▶ [THE PROBLEM] Each line below should be retyped exactly, with no pictures.

▶ [INPUT DATA]
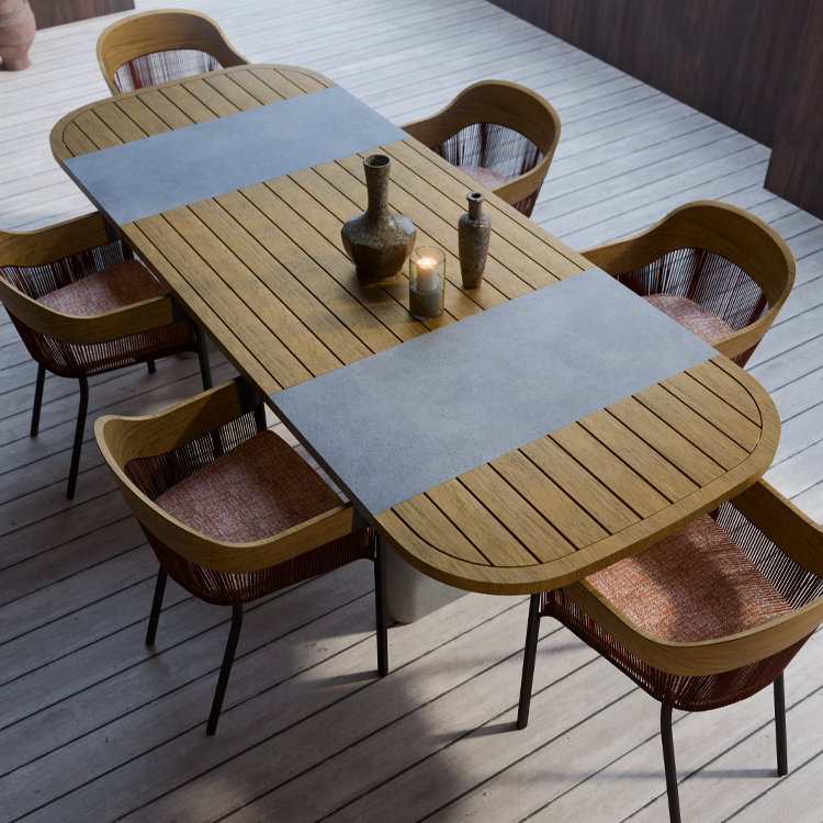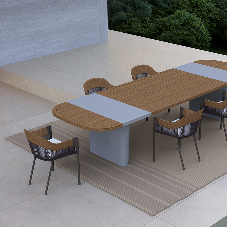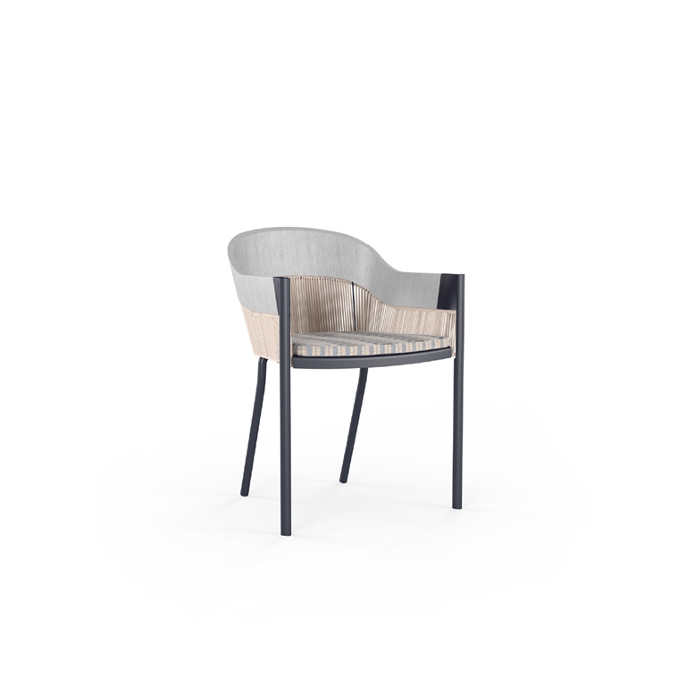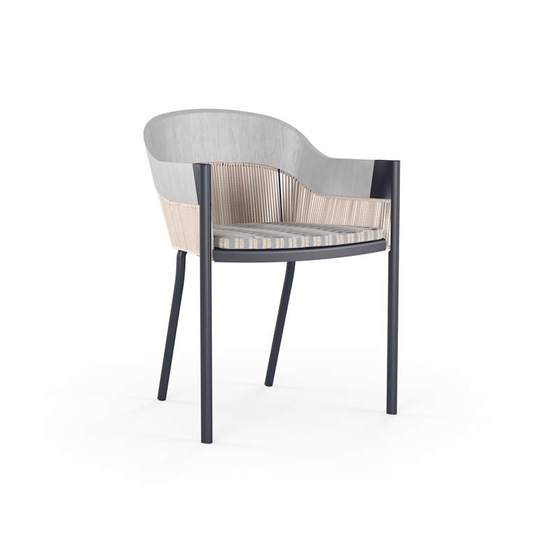 The Kenda chair highlights enveloping shapes and it is characterized by the combined use of wood, rope and aluminum.
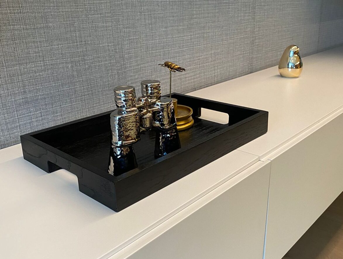Charola de servicio o decoración, chapa natural de madera encino negro con veta.
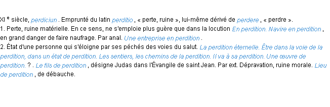 Définition du mot « perdition » par l’Académie Française (édition de 1932).
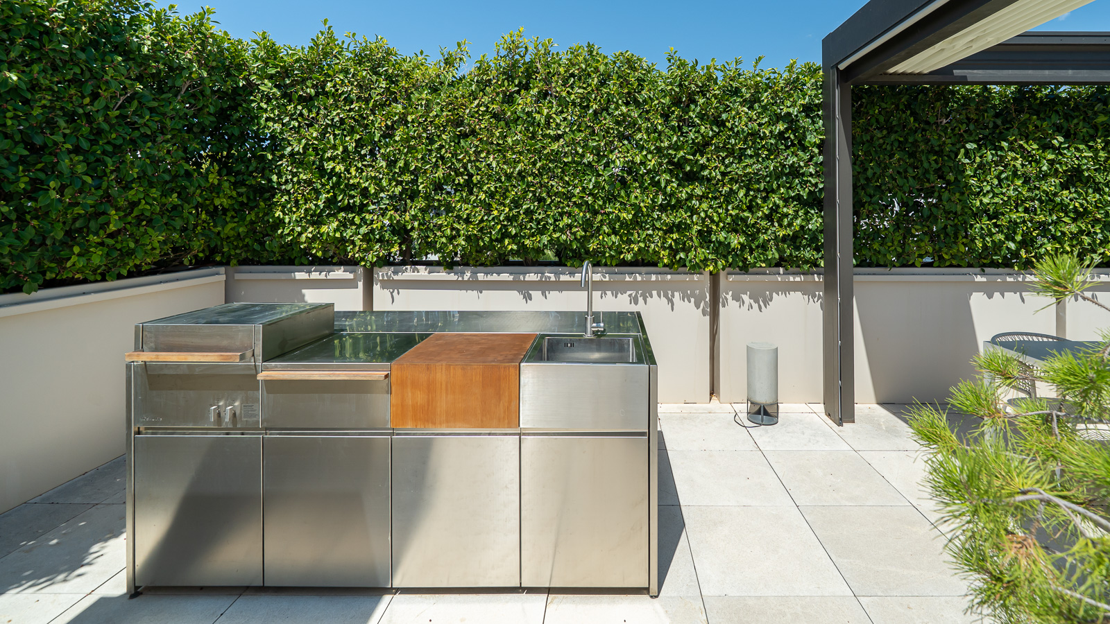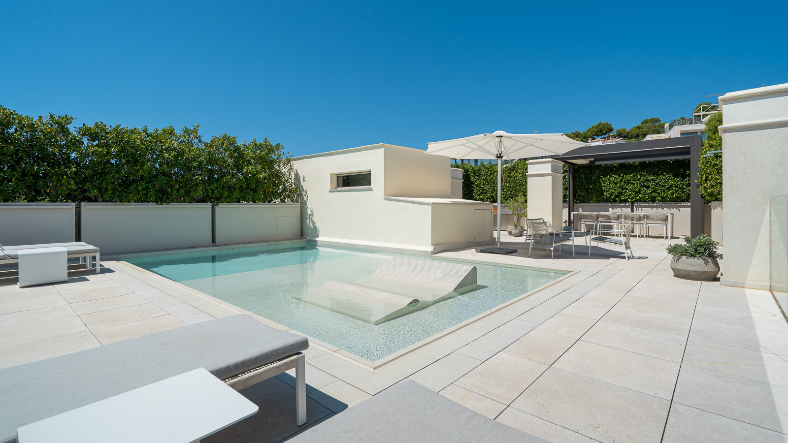 The spectacular rooftop terrace features a private pool, stylish outdoor kitchen, and luxurious chill-out area, offering unparalleled panoramic sea views — a place of tranquility and exclusivity.

▶ [PROBLEM SOLUTION]
 The Kenda chair highlights enveloping shapes and it is characterized by the combined use of wood, rope and aluminum.
Charola de servicio o decoración, chapa natural de madera encino negro con veta.
 Définition du mot « perdition » par l’Académie Française (édition de 1932).
 The spectacular rooftop terrace features a private pool, stylish outdoor kitchen, and luxurious chill-out area, offering unparalleled panoramic sea views — a place of tranquility and exclusivity.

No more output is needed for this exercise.